Avoid personal and home care products, including candles and air fresheners, containing synthetic chemical fragrances, as these typically contain obesogenic phthalates. Opt for beeswax candles and essential oils. Likewise, store leftovers in glass and beverages in stainless steel rather than plastic, to limit exposure to phthalates.
Perfluoroctanoic acid (PFOA)
Nonstick cookware and stain proofing on soft furnishings often contain PFOA, which is linked with obesity. Opt for cast iron or stainless steel pots and pans. Skip the stain proofing whenever possible.
Bisphenol A (BPA)
BPA accelerates fat cell differentiation, disrupts pancreatic functioning and causes insulin resistance—all factors in obesity. This chemical is ubiquitous in our environment, so it’s challenging to pinpoint the biggest source of exposure.
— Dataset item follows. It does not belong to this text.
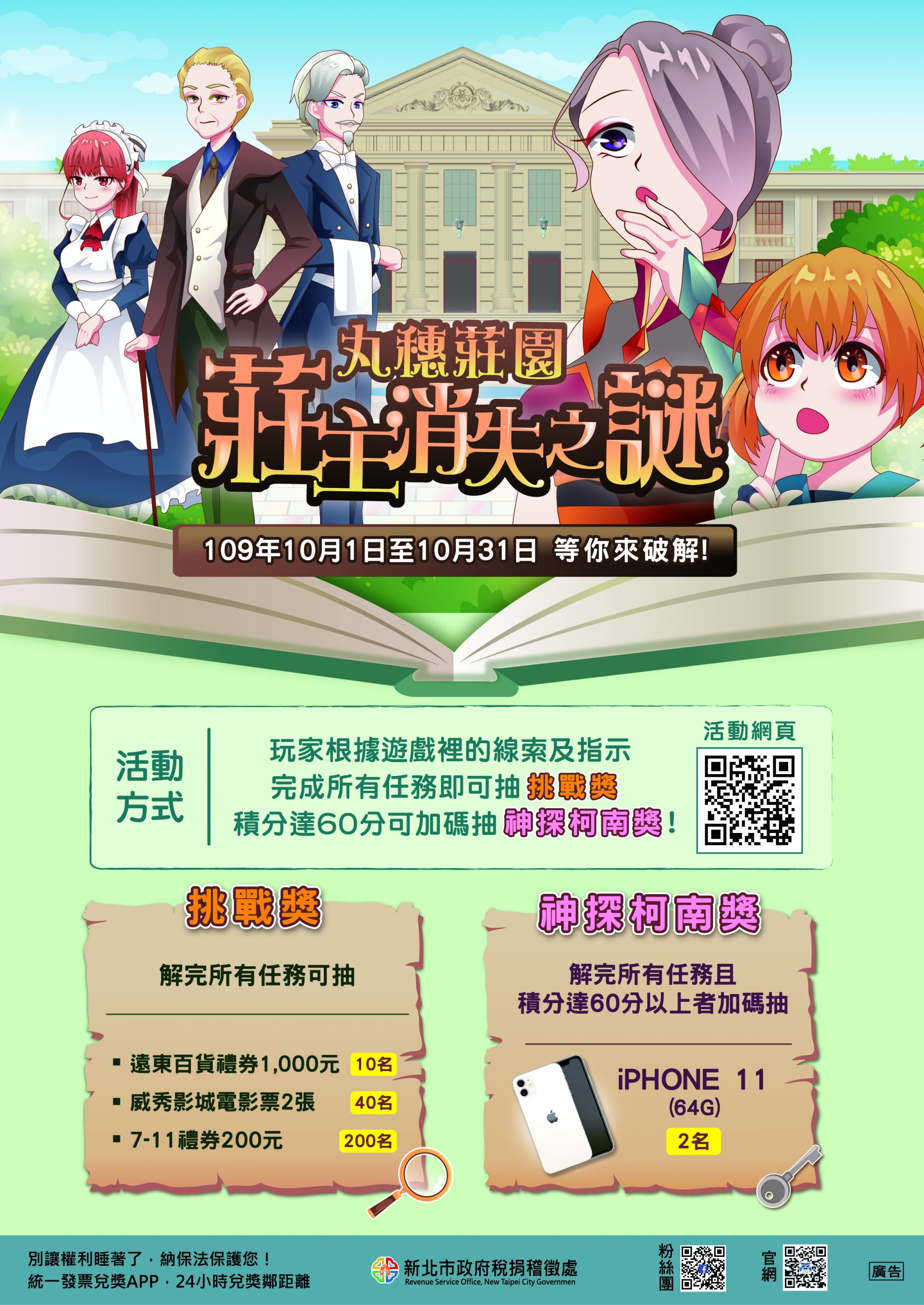主旨:台北稅捐稽徵處舉辦「丸穗莊園莊主消失之謎」網路互動式遊戲抽獎活動,活動期間自 109 年 10 月 1 日至 109 年 10 月 31 日止,請協助將活動訊息放置於所屬官網、 FB 及其他宣傳管道,並請鼓勵師生及家長踴躍參加,請查照。

Choose foods for sale in glass rather than canned foods, or look for BPA-free cans, as the lining of many metal cans contains BPA.
Vinyl chloride plastics (PVC)
Prenatal exposure to chemicals in PVC called organotins create permanent changes that predispose us to weight problems. Dibutyltin is another organotin found in these plastics; vinyl also contains plenty of phthalates. Avoid vinyl flooring, purses and home fixtures. PVC breaks down, so keep your environment free of dust.
Along with the other health effects, smoking during pregnancy is linked with a one-and-a-half to two-fold increase in obesity risk for the baby. Pregnant women must avoid smoking as well as second- and third-hand smoke.